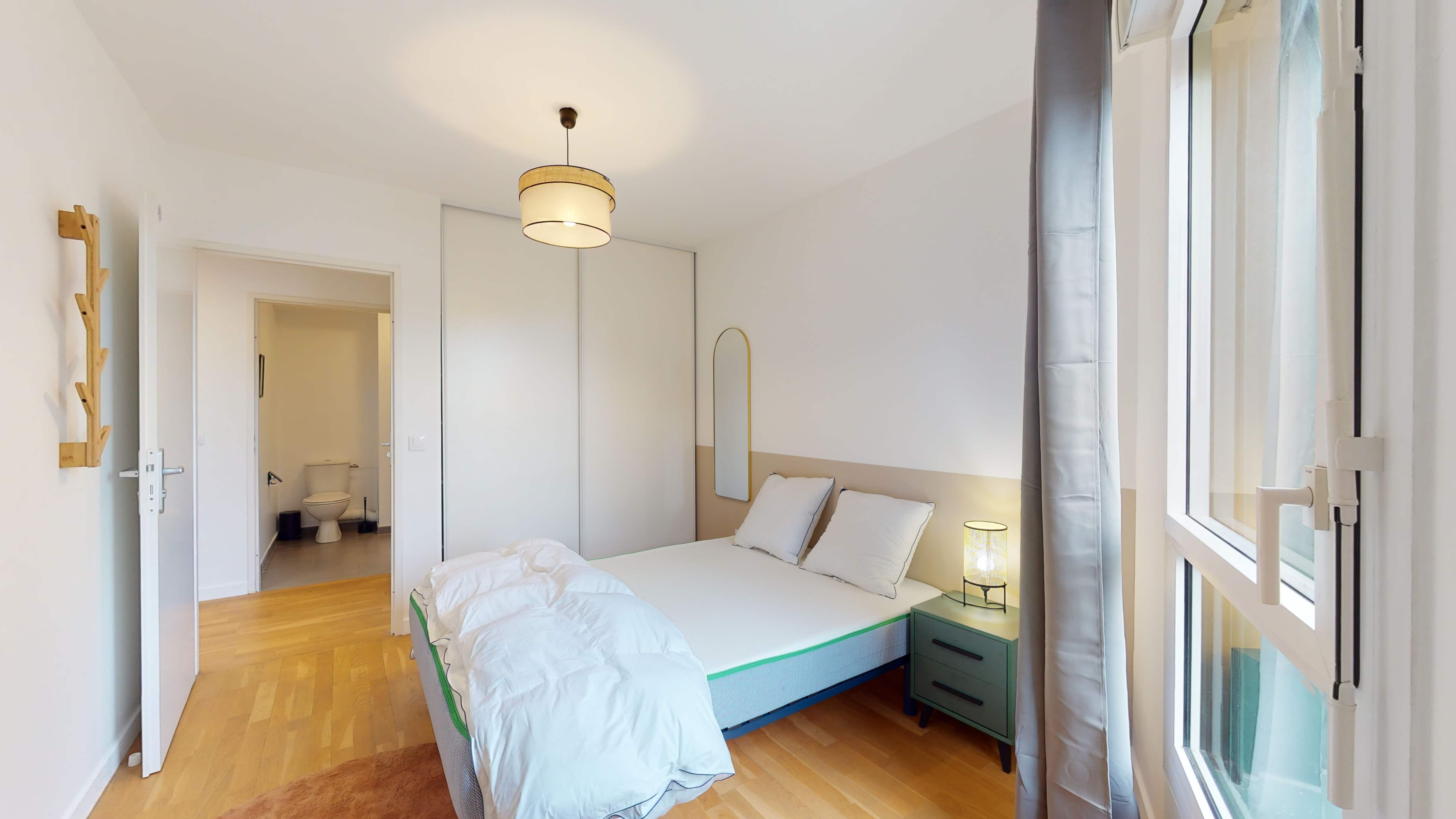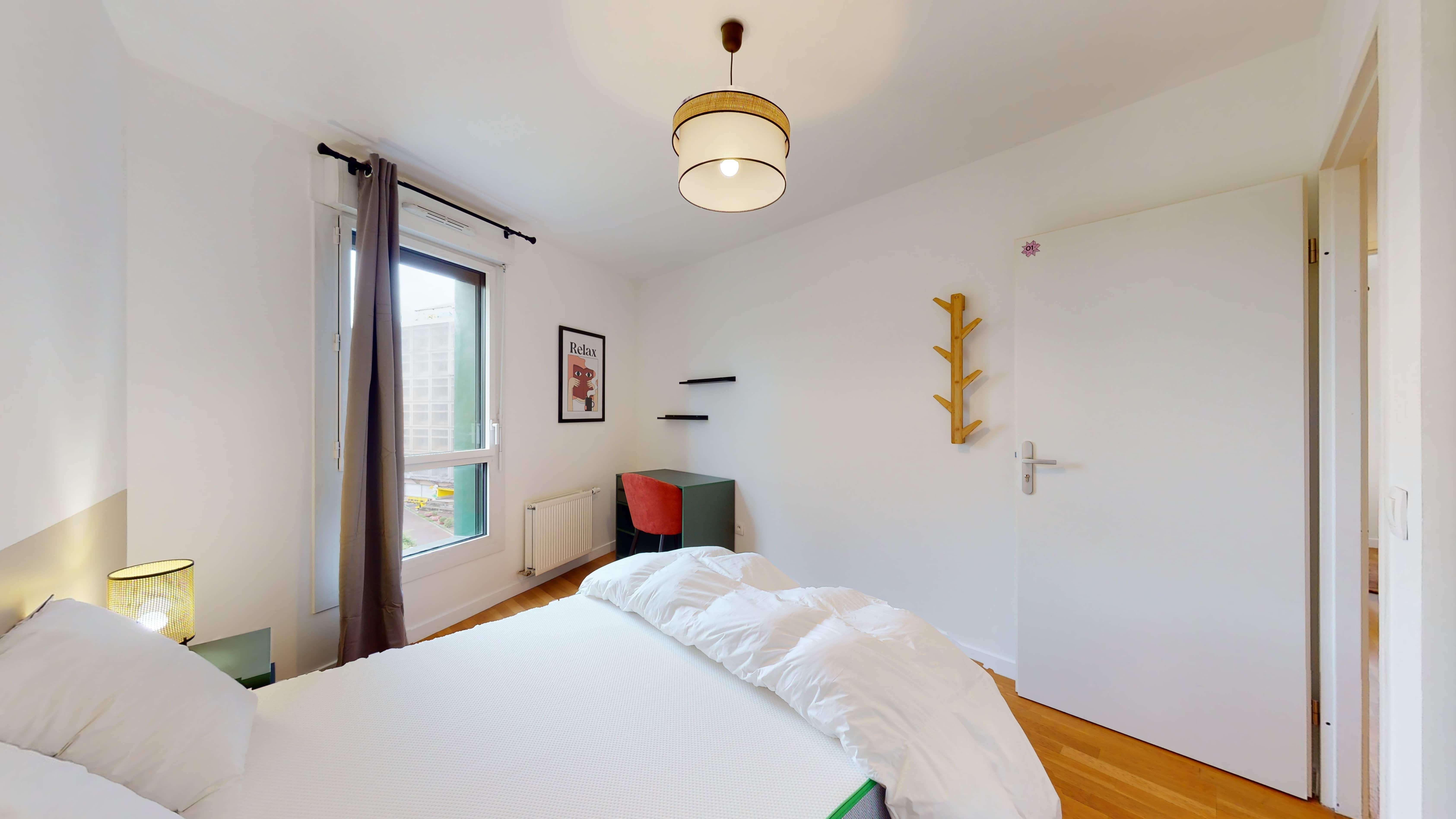 La chambre "Room 1" est un cocon douillet de 10 m² conçu pour une personne. Avec son lit double confortable, son bureau pour travailler et une armoire pour vos affaires, elle a tout ce qu'il faut pour un quotidien pratique et serein. Vous partagerez une salle de bain bien entretenue avec d'autres colocataires.
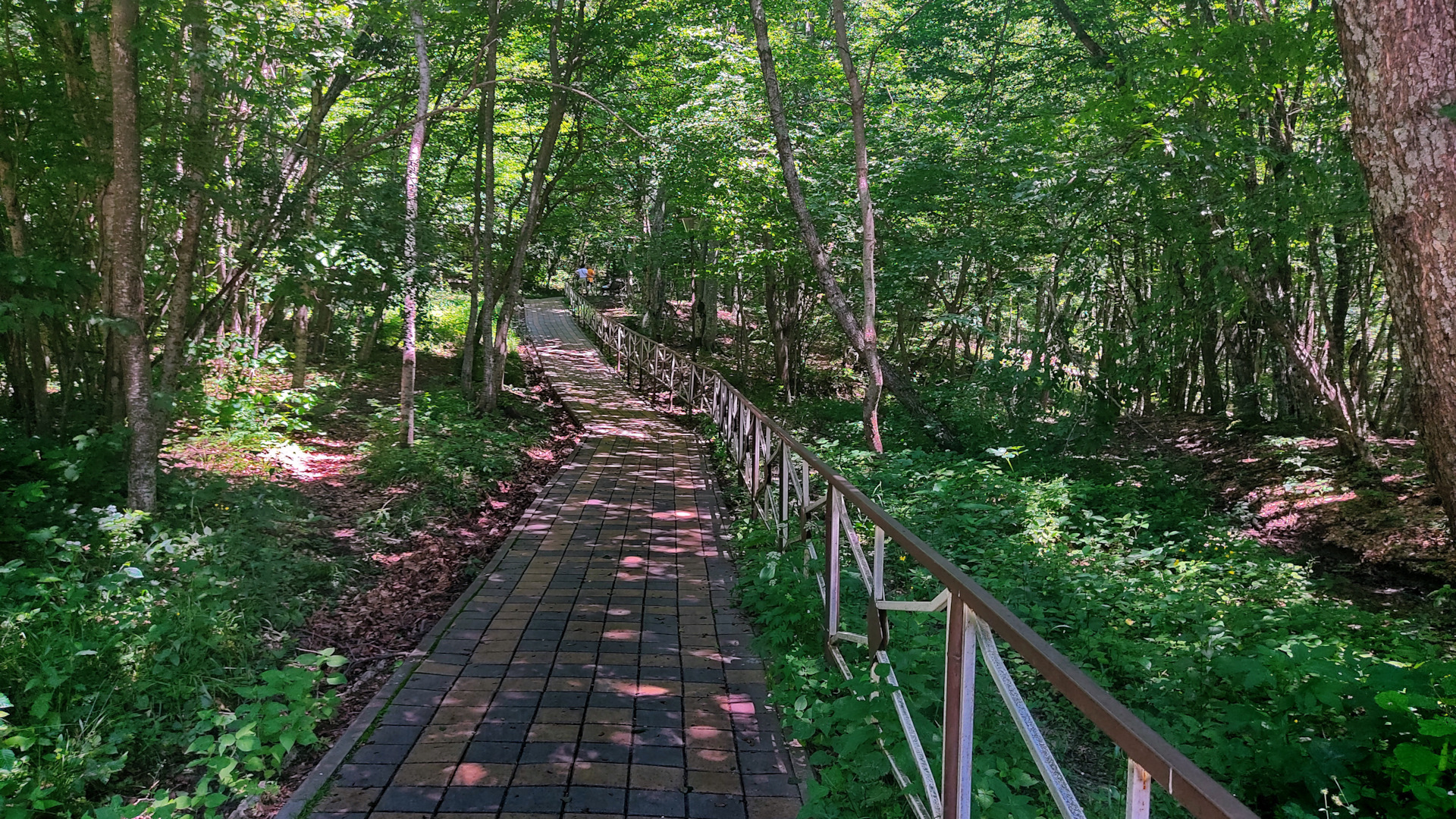 Здесь тихо! Плиткой выложенная дорожка с перилами, фонарями и лавочками, ухоженная и аккуратная, идет через лес на гору к Святому источнику. Уклон небольшой, идти 20 минут. Никто не бежит, не шумит, не суетится. Всё размеренно и умиротворенно.
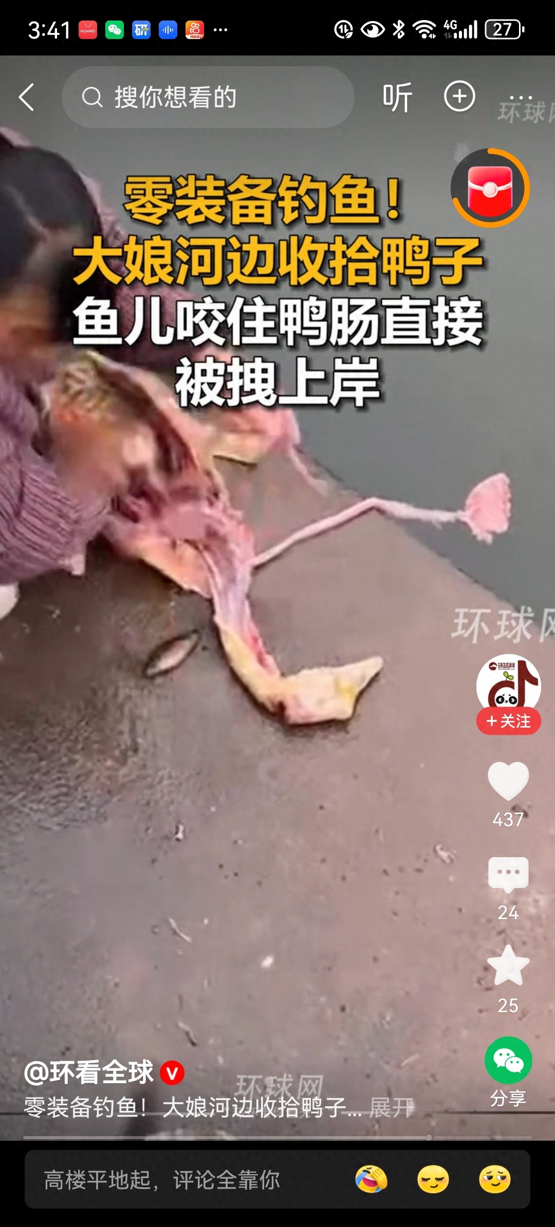 它大概以为这是什么美味的大餐,大娘感觉到了手里的鸭肠被什么东西拽住,下意识往回一拉结果竟把这条贪吃的鱼连同鸭肠一起拖上了岸,鱼上岸后还在石阶上扑腾,嘴里依然死死咬着那截鸭肠好像生怕到嘴的食物跑了,有细心的网友注意到整个过程中大娘连鱼竿都没用,更别说鱼钩和鱼线了,有人开玩笑说这才是真正的“愿者上钩”,姜太公钓鱼还用了直钩呢,大娘连钩都省了。
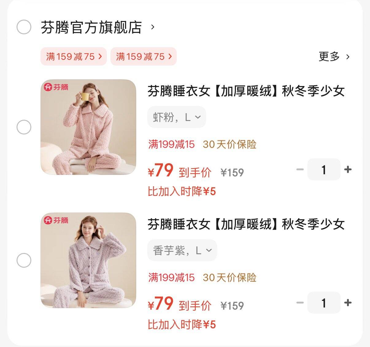 领29-5券 芬腾加厚暖绒睡衣套装 79亓 - 线报酷
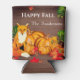 Personalized with the family name. Rustic Happy Fall Rustic Orange Fox Pumpkin Fall Autumn Leaves Can Cooler
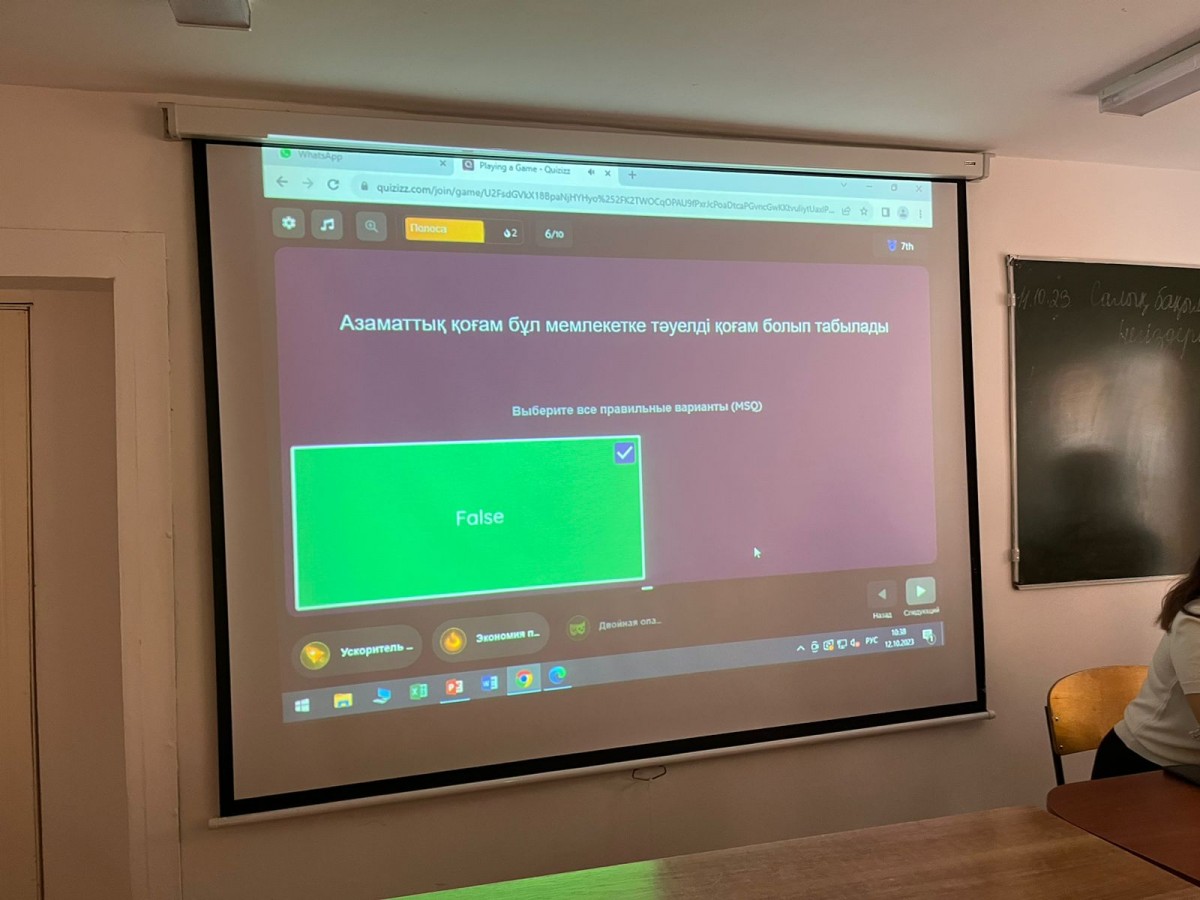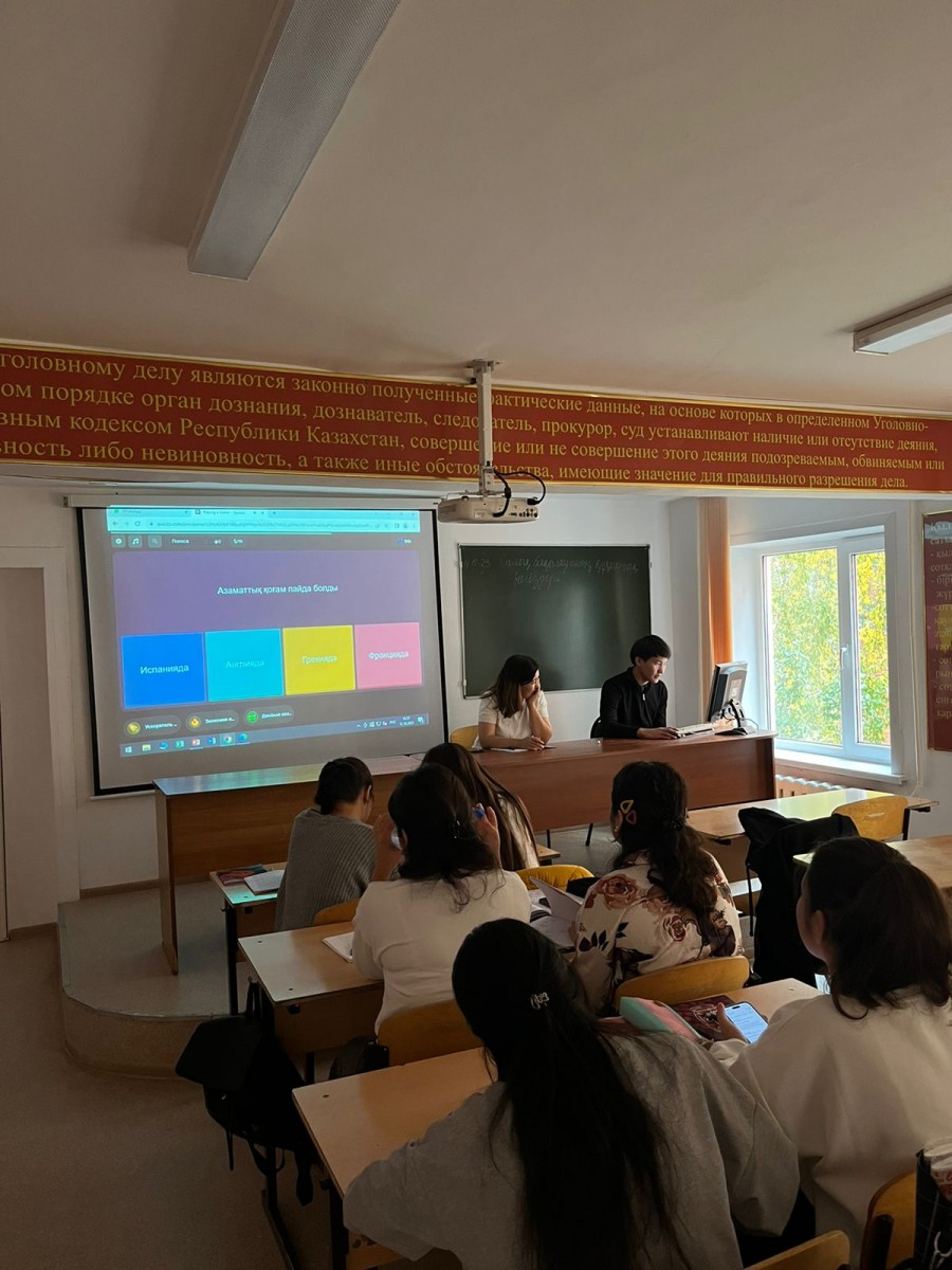 Следуя современным тенденциям широкого распространения цифровых технологий преподаватели кафедры юридических дисциплин активно применяют их в учебном процессе. Так, 12 октября 2023 года старший преподаватель кафедры Тортаева А.Е.  в ходе лекционного занятия по дисциплине «Теория государства и права» в академической группе ЮК-23-01 (1 курс, образовательная программа «Юриспруденция») осуществила проверку степени усвоения полученных знаний студентами с помощью программы Quizizz.

What the task asks |
Transcribe each record above exactly, leaving every picture out of the copy.

Solution |
 La chambre "Room 1" est un cocon douillet de 10 m² conçu pour une personne. Avec son lit double confortable, son bureau pour travailler et une armoire pour vos affaires, elle a tout ce qu'il faut pour un quotidien pratique et serein. Vous partagerez une salle de bain bien entretenue avec d'autres colocataires.
 Здесь тихо! Плиткой выложенная дорожка с перилами, фонарями и лавочками, ухоженная и аккуратная, идет через лес на гору к Святому источнику. Уклон небольшой, идти 20 минут. Никто не бежит, не шумит, не суетится. Всё размеренно и умиротворенно.
 它大概以为这是什么美味的大餐,大娘感觉到了手里的鸭肠被什么东西拽住,下意识往回一拉结果竟把这条贪吃的鱼连同鸭肠一起拖上了岸,鱼上岸后还在石阶上扑腾,嘴里依然死死咬着那截鸭肠好像生怕到嘴的食物跑了,有细心的网友注意到整个过程中大娘连鱼竿都没用,更别说鱼钩和鱼线了,有人开玩笑说这才是真正的“愿者上钩”,姜太公钓鱼还用了直钩呢,大娘连钩都省了。
 领29-5券 芬腾加厚暖绒睡衣套装 79亓 - 线报酷
 Personalized with the family name. Rustic Happy Fall Rustic Orange Fox Pumpkin Fall Autumn Leaves Can Cooler
 Следуя современным тенденциям широкого распространения цифровых технологий преподаватели кафедры юридических дисциплин активно применяют их в учебном процессе. Так, 12 октября 2023 года старший преподаватель кафедры Тортаева А.Е.  в ходе лекционного занятия по дисциплине «Теория государства и права» в академической группе ЮК-23-01 (1 курс, образовательная программа «Юриспруденция») осуществила проверку степени усвоения полученных знаний студентами с помощью программы Quizizz.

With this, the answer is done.